(YOUR GOAL) Return the lines beginning at the one that contains "- Camisa floreada rosa manga corta" and running to the end of the records, exactly and with nothing else. Omit pictures.

[Collection entries]
──────

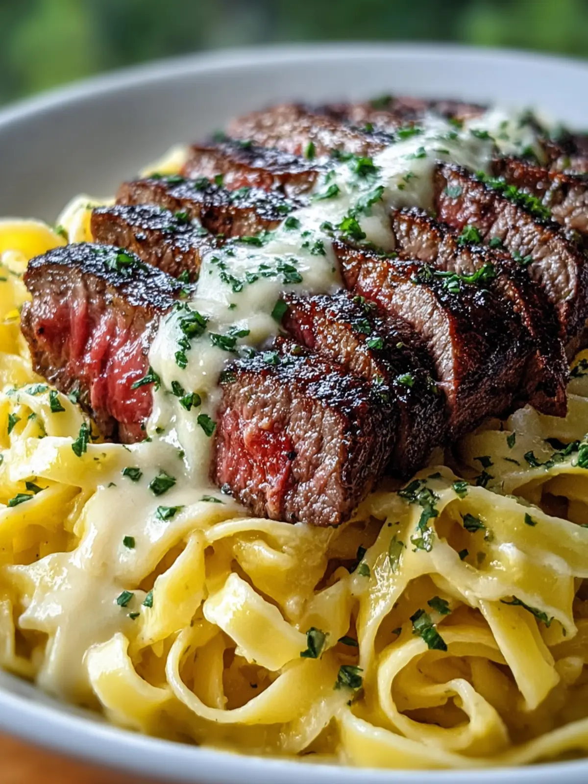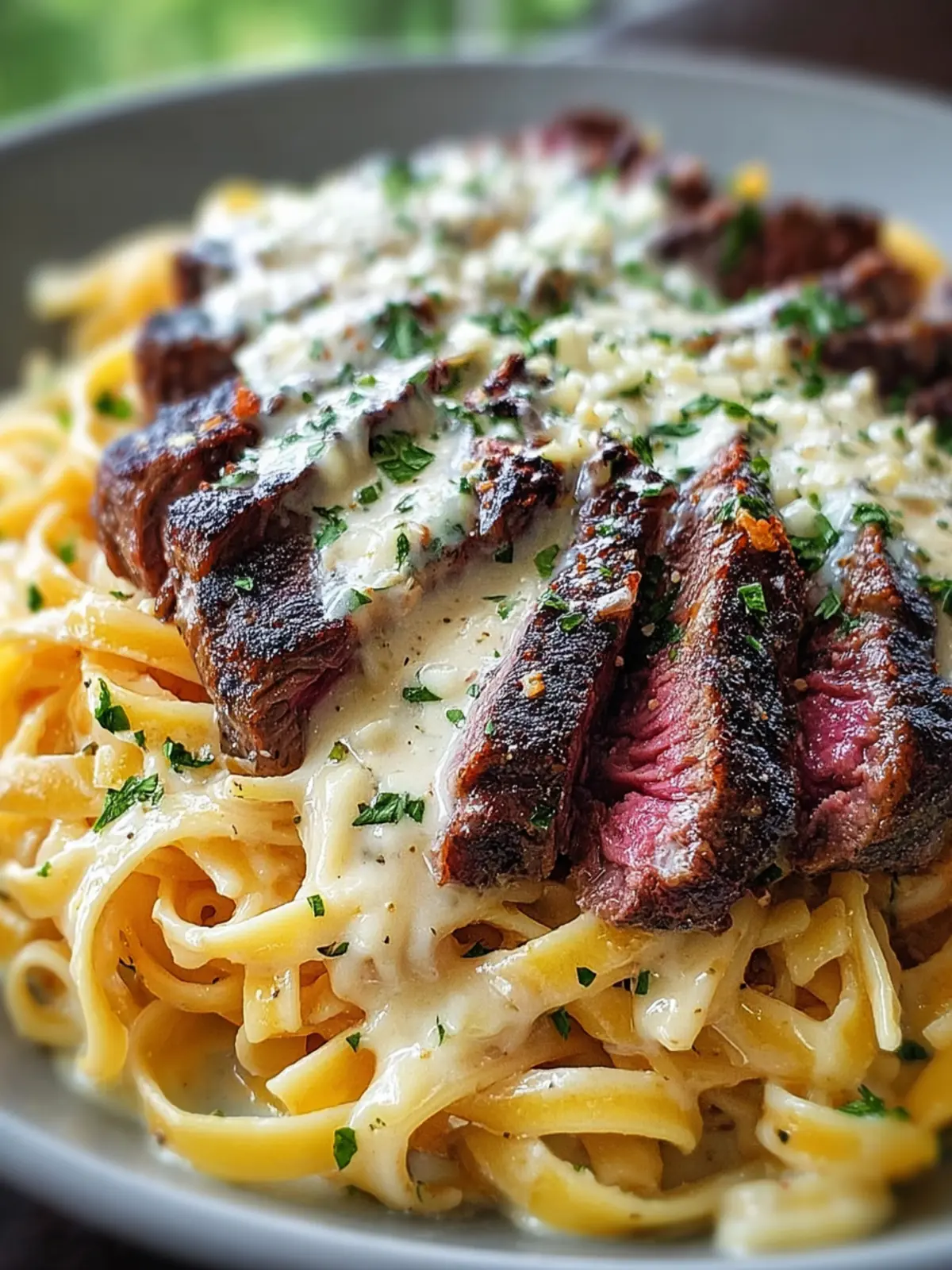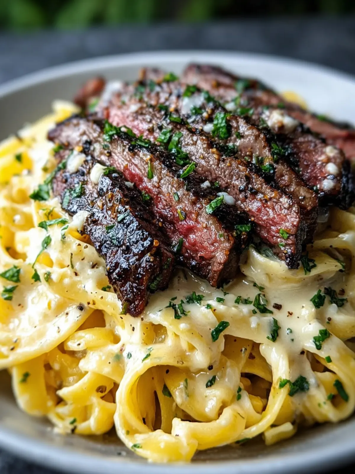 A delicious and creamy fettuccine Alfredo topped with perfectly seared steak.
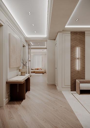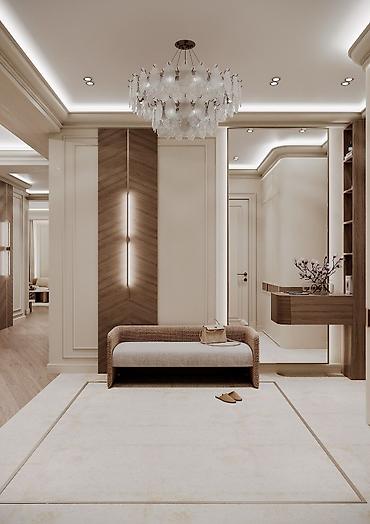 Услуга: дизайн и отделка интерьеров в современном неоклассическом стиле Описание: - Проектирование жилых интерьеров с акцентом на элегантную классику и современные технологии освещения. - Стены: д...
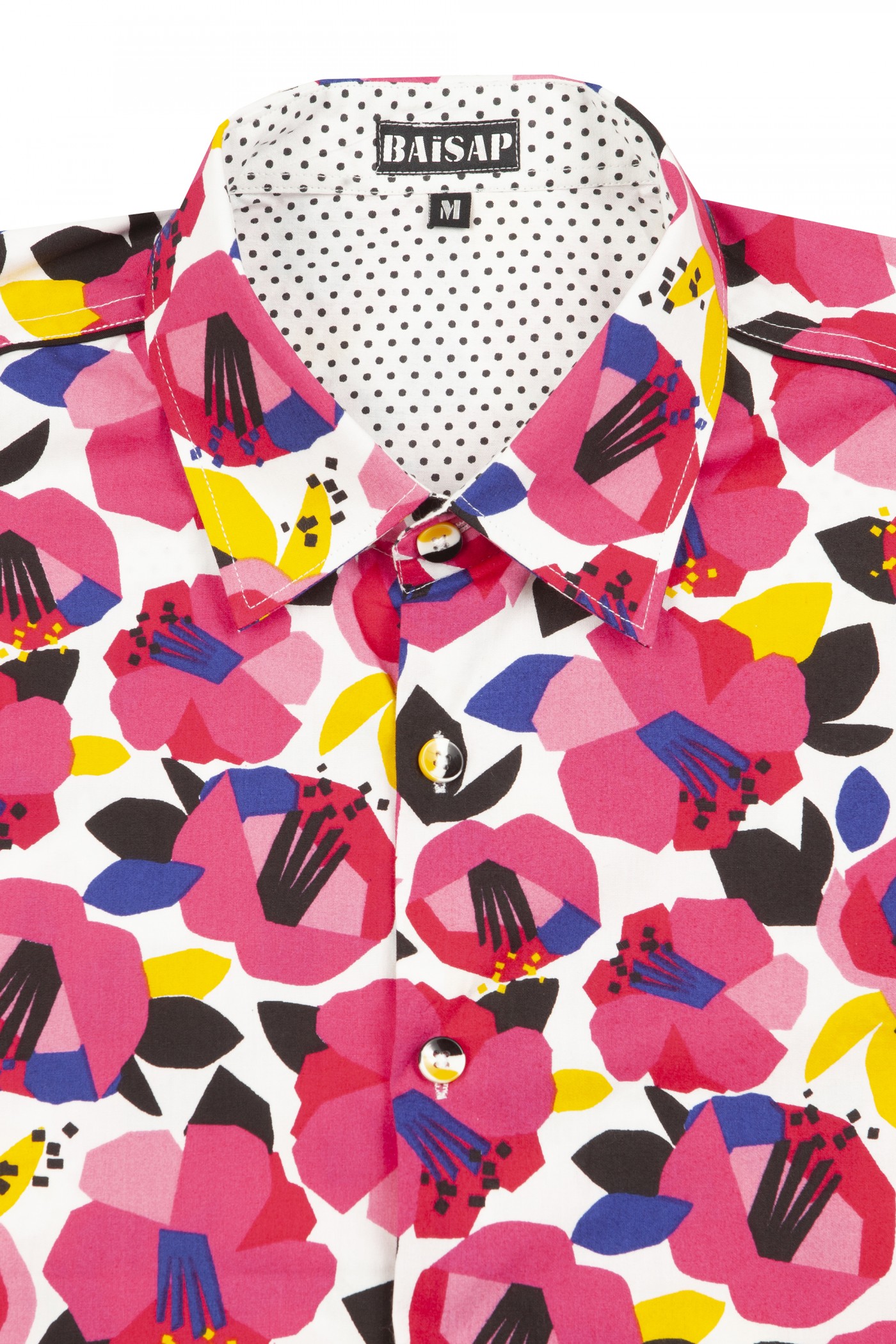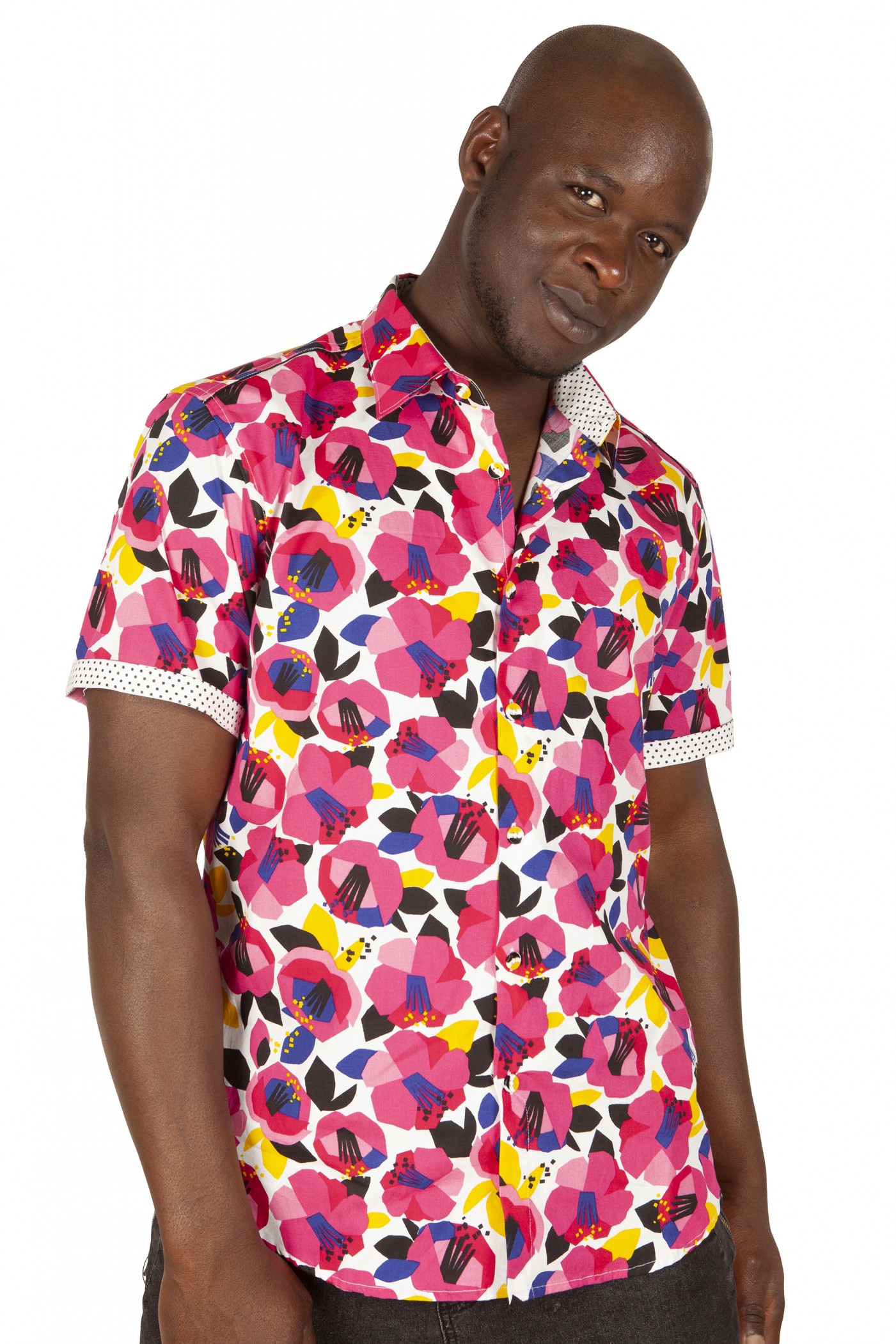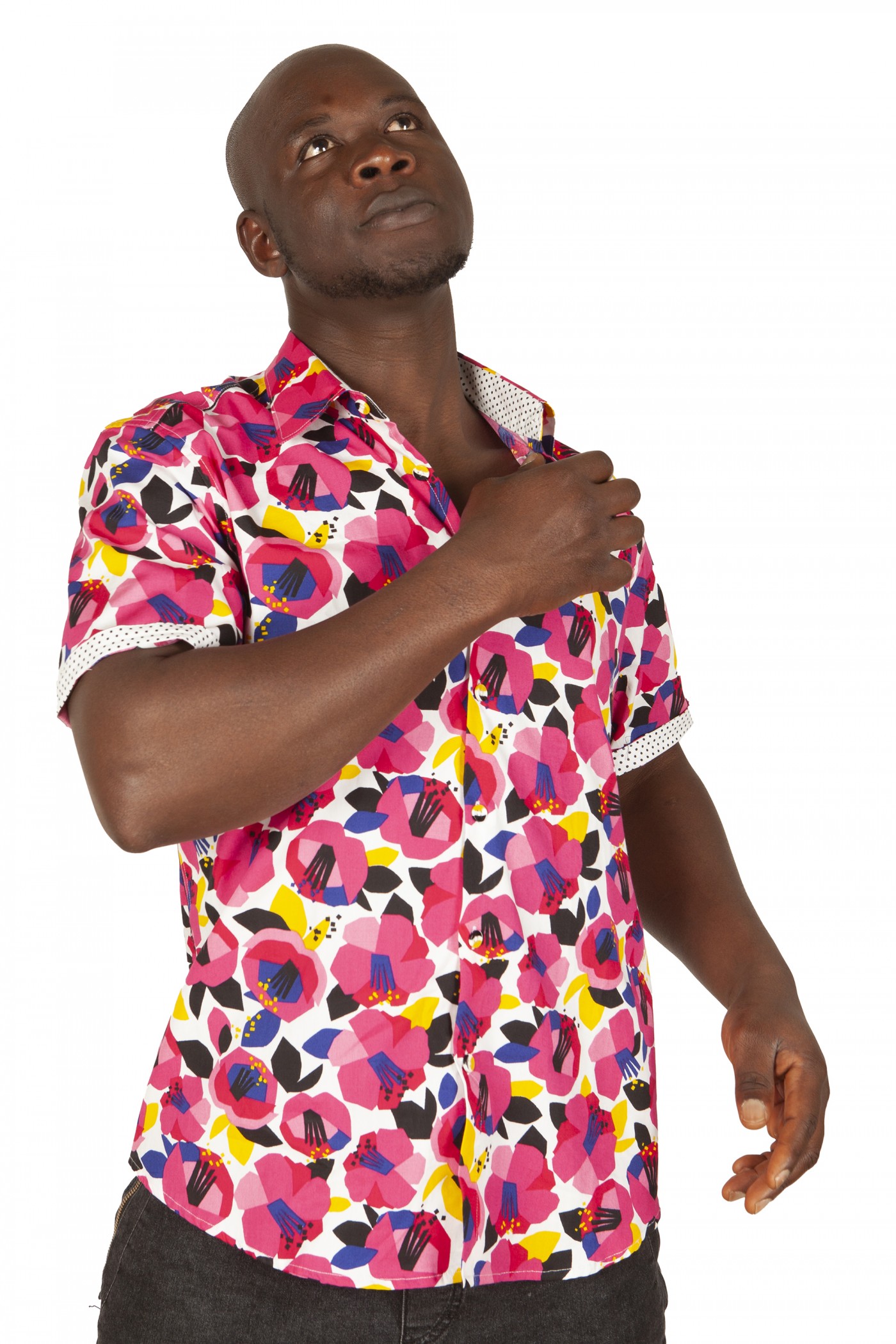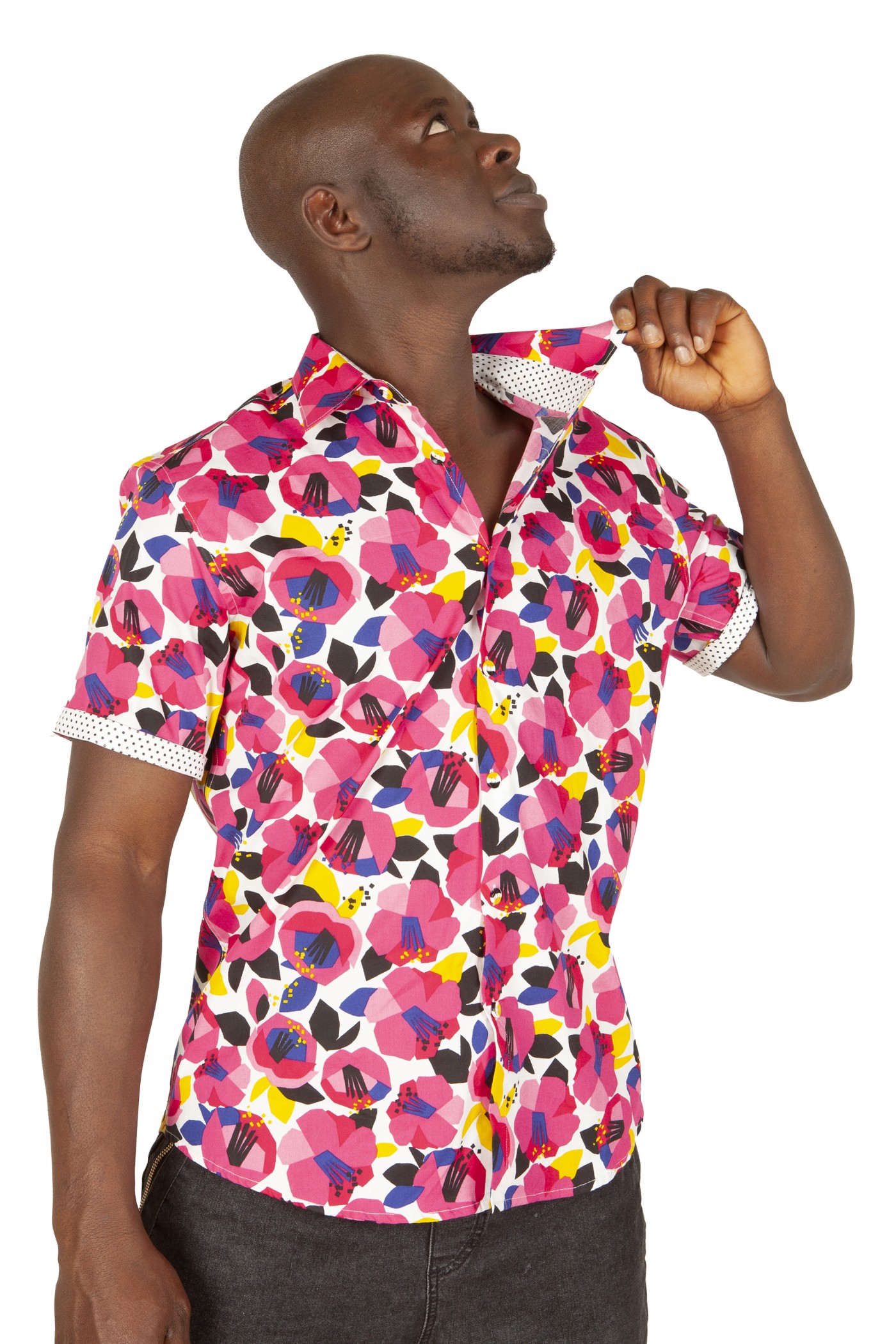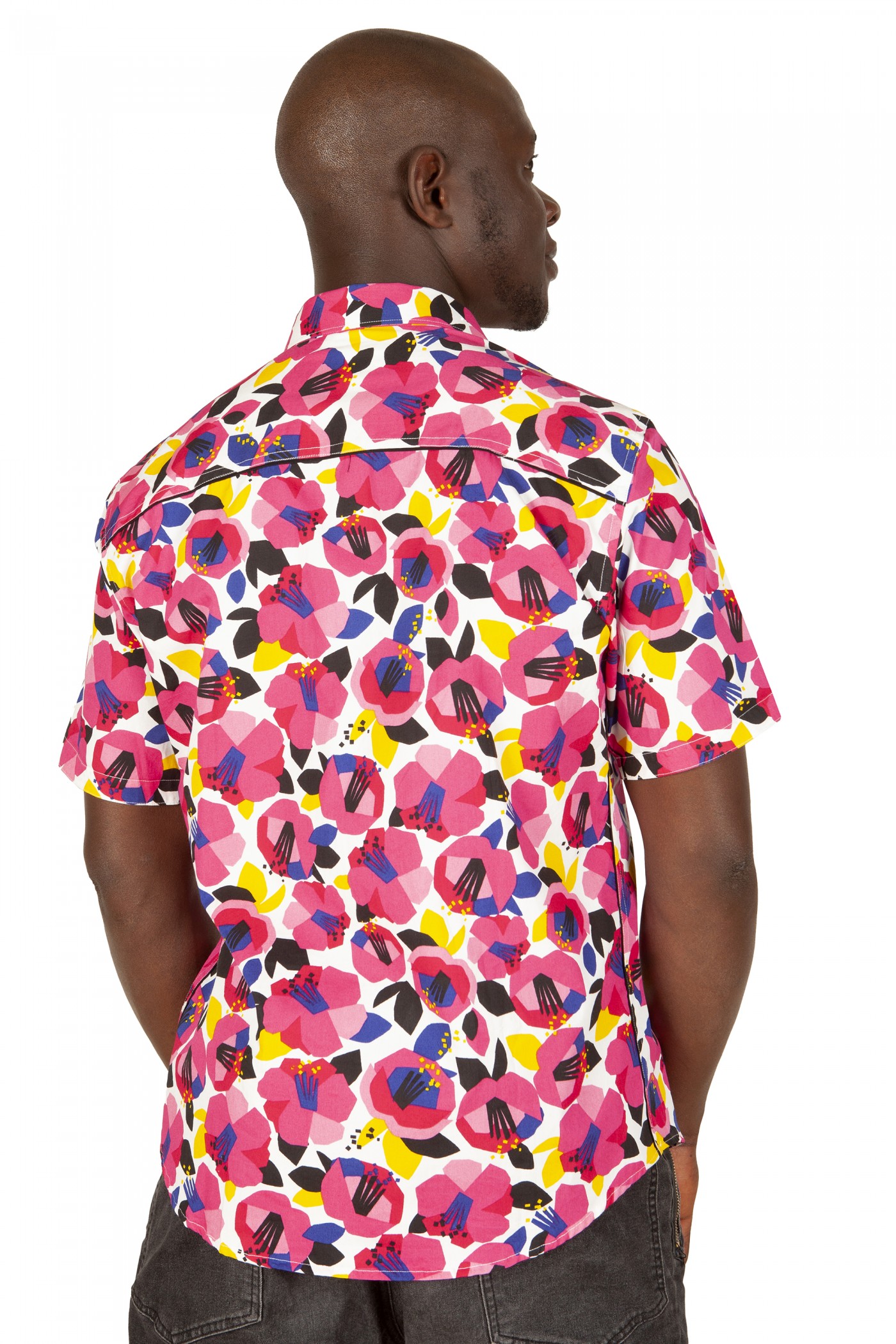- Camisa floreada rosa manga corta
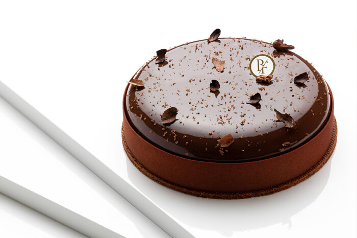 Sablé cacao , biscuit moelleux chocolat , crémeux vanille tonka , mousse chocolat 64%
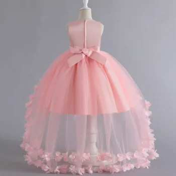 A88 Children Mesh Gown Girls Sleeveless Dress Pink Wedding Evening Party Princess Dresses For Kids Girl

──────

(EXERCISE ANSWER)
- Camisa floreada rosa manga corta
 Sablé cacao , biscuit moelleux chocolat , crémeux vanille tonka , mousse chocolat 64%
 A88 Children Mesh Gown Girls Sleeveless Dress Pink Wedding Evening Party Princess Dresses For Kids Girl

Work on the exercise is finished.